• **GIVEN DATA**
--------------------------------
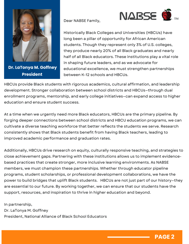 National Alliance of Black School Educators | 4005 Wisconsin Ave. NW #5704 | Washington, DC 20016-9997 US
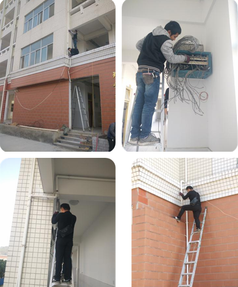电信青年志愿者义务清理教学楼门前墙壁管线扣
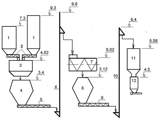 смесителя и происходит выгрузка готовой смеси в подсмесительный бункер на
--------------------------------
• **HOW TO COMPLETE THIS TASK**
The data is to be restated word for word, with any pictures set aside.

• **SOLUTION FOR THIS PROBLEM**
 National Alliance of Black School Educators | 4005 Wisconsin Ave. NW #5704 | Washington, DC 20016-9997 US
电信青年志愿者义务清理教学楼门前墙壁管线扣
 смесителя и происходит выгрузка готовой смеси в подсмесительный бункер на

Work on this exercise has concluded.